Opposition Check: VfL Wolfsburg

What has to happen for one of the largest Spanish daily newspapers to print the following sentence? “Wolfsburg in the style of Real Madrid!” That was the headline in the newspaper “El Mundo” during the 2014/15 season. VfL had just spectacularly defeated FC Bayern Munich 4-1. “Suddenly Wolfsburg appeared and messed up Bayern’s film,” the Spanish reporters continued in their text. The Lower Saxony team were currently Bayern's number one hunters – well on the way to perhaps even becoming FCB's worst competitor?

Foto: DFL/Getty Images/Oliver Hardt

Review. Bayern hunters. Runner-up. And then also winner of the DFB Cup. That was Wolfsburg’s reality in the 2014/15 season. A then 23-year-old Kevin De Bruyne amazed the Bundesliga – the Belgian scored a total of 31 points, including 21 assists. His main buyer at the time: striker Bas Dost with 16 goals. Incidentally, both scored a brace each in the 4-1 win against Bayern Munich. In addition to the runner-up and cup triumph, the Wolves also made it to the knockout round of the Europa League, but were defeated by SSC Napoli in the quarter-finals. Nevertheless, everything seemed ready for a glorious future for the Volkswagen Club from the Autostadt.

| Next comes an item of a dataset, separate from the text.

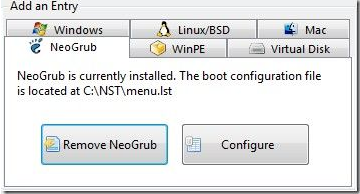 8.這里添加mac啟動(dòng)項(xiàng),有兩種方式,EEI和MBR。EFI方式會(huì)使用easybcd自帶的引導(dǎo)工具,使用efi方式會(huì)提示卸載NeoGrub。切換到NeoGrubREmove即可(沒(méi)安裝過(guò)的沒(méi)問(wèn)題)單擊Configure可以看到efi方式用的是NST_OS_X.iso來(lái)引導(dǎo)macos,(NST_OS_X.iso這個(gè)就是變色龍rc3,可以引導(dǎo)snow)MBR方式只是來(lái)尋找hfs分區(qū)的boot1h,類似于tboot,所用的引導(dǎo)文件是需要自己安裝這種方式好像已經(jīng)不適用新版的變色龍和pcefi了(mac引導(dǎo)方式是:boot0》boot1h》boot,tboot相當(dāng)boot0,boot就是變色龍或pcefi的主文件。boot1h是hfs分區(qū)的引導(dǎo)代碼,如果他錯(cuò)誤就會(huì)提示上面的HFSPartitionError)。

Things were supposed to be different. In the following season there was only an eighth place in the table and the European football was missed. In 2017 and 2018, Wolfsburg even had to go into relegation, but they barely jumped off the cliff of relegation to the 2nd Bundesliga: First, the Green-Whites prevented themselves from going into the second division in their Lower Saxony duel with Eintracht Braunschweig, and then repeated the feat the following season with victory over Holstein Kiel. The Wolves then stabilised again, all three following seasons were able to finish in European positions, and in the 2021/22 season the team from the Autostadt even played in the Champions League again. Since then, however, things have been going wrong in the league again, and last year Wolfsburg clearly missed their goals with a 12th place finish.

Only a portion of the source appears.